Security Bank president and CEO Sanjiv Vohra said the ongoing pandemic taught the banking industry the importance of ensuring business continuity and crisis management, as well as properly securing the safety and health of employees and customers.

“The current situation is unprecedented in the sense that it negatively affects both the demand and supply sides of the economy. The lockdown measures imposed by government are necessary to contain the transmission of the coronavirus, which would have severe consequences to people’s health and the economy if not controlled,” Vohra said.

Vohra said the credit outlook for the Philippines would depend on the easing of mobility and consequently opening of economic activity, the extent of additional fiscal stimulus, and uneven, inconsistent of K-shaped growth.

“What I mean by that is that the crisis induced by COVID-19 is vastly different from any recession that we have seen in the past. So, it’s not going to behave like a normal recession on the economy. Instead, we feel that it is more akin and similar to a war economy in which some sectors will thrive, others will struggle, and some will have to reinvent themselves,” Vohra said.

Promising prospects for 2021

The BSP extended regulatory relief to the industry to enable them to grant equivalent financial relief to their borrowers, including micro, small and medium enterprises (MSMEs).

These include incentivized lending to promote financing to MSMEs and enable these enterprises to carry on with their businesses during the COVID-19 crisis, as well as hasten recovery and sustainability of their operations, during the post-crisis period as well as other policies to ensure access to formal financing channels by retail clients.

The regulator also granted operational relief measures to assist BSP- supervised financial institutions in focusing their limited resources on the delivery of financial services to financial consumers and supported domestic liquidity and extend cheaper financing to borrowers.

Vohra said more promising prospects in commercial lending in industries of fast moving consumer goods, healthcare, and non-mall based electronics retails are seen next year after an unprecedented 2020.

“Our generation has witnessed a second black swan event in a decade. A very rare occurrence and we hope it is the last,” Vohra said.

For his part, Tan also expects things to normalize in the banking sector next year.

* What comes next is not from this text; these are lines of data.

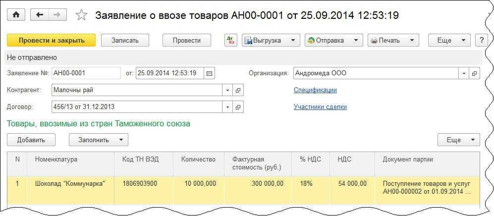 Для отражения в учете ввоза товаров из государств Таможенного союза предназначен документ Заявление о ввозе товаров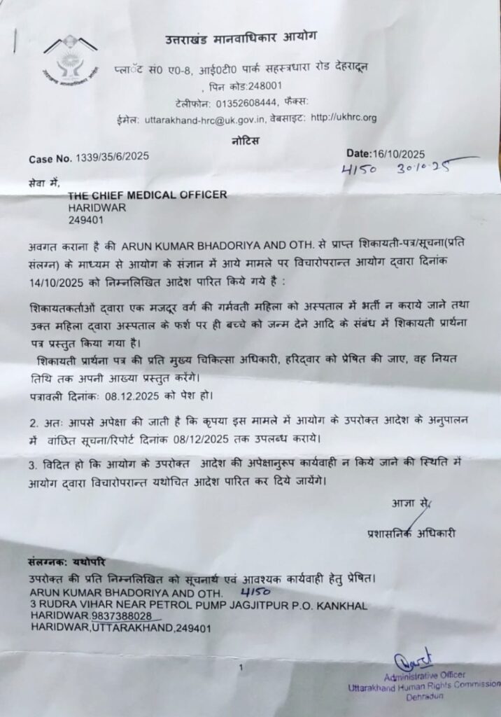 आपको बता दे कि इस संबंध में हरिद्वार से अरुण भदोरिया एडवोकेट व कमल भदोरिया एडवोकेट व चेतन भदोरिया LLB अध्यनरत निवासी जगजीतपुर ने मानवाधिकार आयोग उत्तराखंड में एक याचिका दाखिल की थी जो दिनांक 16 अक्टूबर 2025 में आयोग द्वारा रजिस्टर्ड करके इस संबंध में मुख्य चिकित्सा अधिकारी हरिद्वार से रिपोर्ट तलब की है।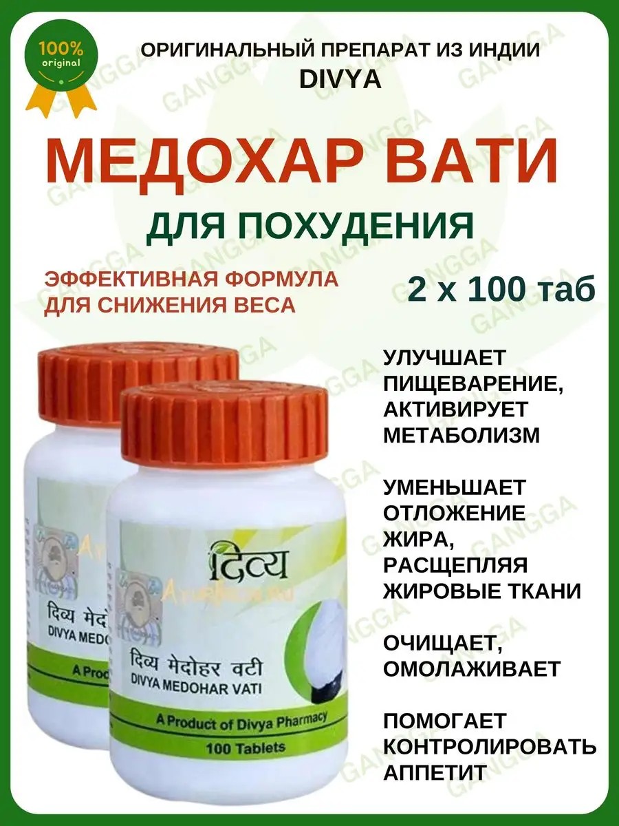 Divya Медохар Вати, Medohar Vati, для похудения, Дивья, 2х100 таб

“Things should normalize for the banking industry on the assumption that the health issue is addressed by early 2021, with the availability of a vaccine or therapeutics,” Tan said.

Tan said the earnings of Philippine banks may recover in two years as provisioning normalizes and banks benefit from the expected economic rebound.

Bankers are expecting a more bumpy road ahead, but expect the industry to survive the COVID-19 pandemic as the country is in a better position versus the previous shocks.